On 9 October 2012, the Competition Appeal Court held that global retail giant Wal-Mart must establish a R200 million South African supplier development fund in order to acquire local retailer Massmart.
In a long awaited decision, the Appeal Court ruled that the fund was necessary to ameliorate the effect of the merger in South Africa and increased the amount determined by the Competition Tribunal by R100 million. Massmart must pay a maximum of R200 million, to be spent over five years, into a fund which must be established within four months of the date of the order. The fund’s purpose will be to devise funding projects which minimize the risk posed by the merger to South African suppliers and protect existing and potential micro, small and medium producers of South African products who are - or may be - caused harm by Wal-mart’s entry into South Africa. It should also enable them to take advantage of Wal-mart’s global value chain, and incentivise Massmart to purchase products from South African producers over and above products that it would in any event purchase.

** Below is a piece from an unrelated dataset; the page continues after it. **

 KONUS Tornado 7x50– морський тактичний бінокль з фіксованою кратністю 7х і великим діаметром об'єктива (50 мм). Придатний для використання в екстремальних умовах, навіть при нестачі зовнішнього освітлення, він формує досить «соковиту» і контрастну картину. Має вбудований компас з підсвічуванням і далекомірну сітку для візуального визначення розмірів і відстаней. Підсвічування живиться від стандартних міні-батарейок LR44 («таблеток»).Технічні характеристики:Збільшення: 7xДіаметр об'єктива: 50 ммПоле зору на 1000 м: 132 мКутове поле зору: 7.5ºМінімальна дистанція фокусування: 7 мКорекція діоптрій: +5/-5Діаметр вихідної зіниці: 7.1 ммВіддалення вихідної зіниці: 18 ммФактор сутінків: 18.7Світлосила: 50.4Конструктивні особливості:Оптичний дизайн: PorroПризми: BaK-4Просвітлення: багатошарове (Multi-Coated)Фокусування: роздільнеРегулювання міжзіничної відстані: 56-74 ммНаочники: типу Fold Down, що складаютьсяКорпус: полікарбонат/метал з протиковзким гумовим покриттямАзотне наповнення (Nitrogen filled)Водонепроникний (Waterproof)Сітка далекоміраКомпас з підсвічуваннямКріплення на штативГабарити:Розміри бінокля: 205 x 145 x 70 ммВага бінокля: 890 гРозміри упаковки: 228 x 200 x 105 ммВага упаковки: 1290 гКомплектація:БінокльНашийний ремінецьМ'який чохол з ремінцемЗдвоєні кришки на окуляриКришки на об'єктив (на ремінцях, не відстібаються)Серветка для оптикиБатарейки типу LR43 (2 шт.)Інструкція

Massmart must administer this fund, but it will be advised on the means and mechanisms to fulfil its objects by an advisory board composed of representatives of the merged firm as well as the Ministers, SACCAWU and the South African Small and Medium Enterprise Forum. Massmart and the advisory board must report annually to the Competition Commission, which has a significant oversight role to ensure that the fund fulfils its objectives. External auditors must prepare financial statements for the fund, which are also to be submitted to the Commission.
The decision highlights that in exercising their powers to assess the effect of a merger on the public interest in terms of section 12(3) of the Competition Act, the South African competition authorities will investigate the broader effects of merger transactions on the South African supply chain, and where appropriate, impose conditions which are intended to preserve employment in South Africa. However, the Appeal Court’s decision emphasises that conditions need to be merger-specific and carefully crafted. The Competition Act cannot be employed as a surrogate for a coherent industrial policy which deals with the many challenges posed to the South African economy by globalisation - these need to be addressed by a comprehensive policy designed by the State.
Local and foreign investors need to give careful consideration to whether their transactions raise any potential public interest issues in South Africa at an early stage of planning their transactions. If so, the merging parties need to fully address these issues in their merger filings and where appropriate offer suitable conditions, particularly in circumstances where a swift clearance is required.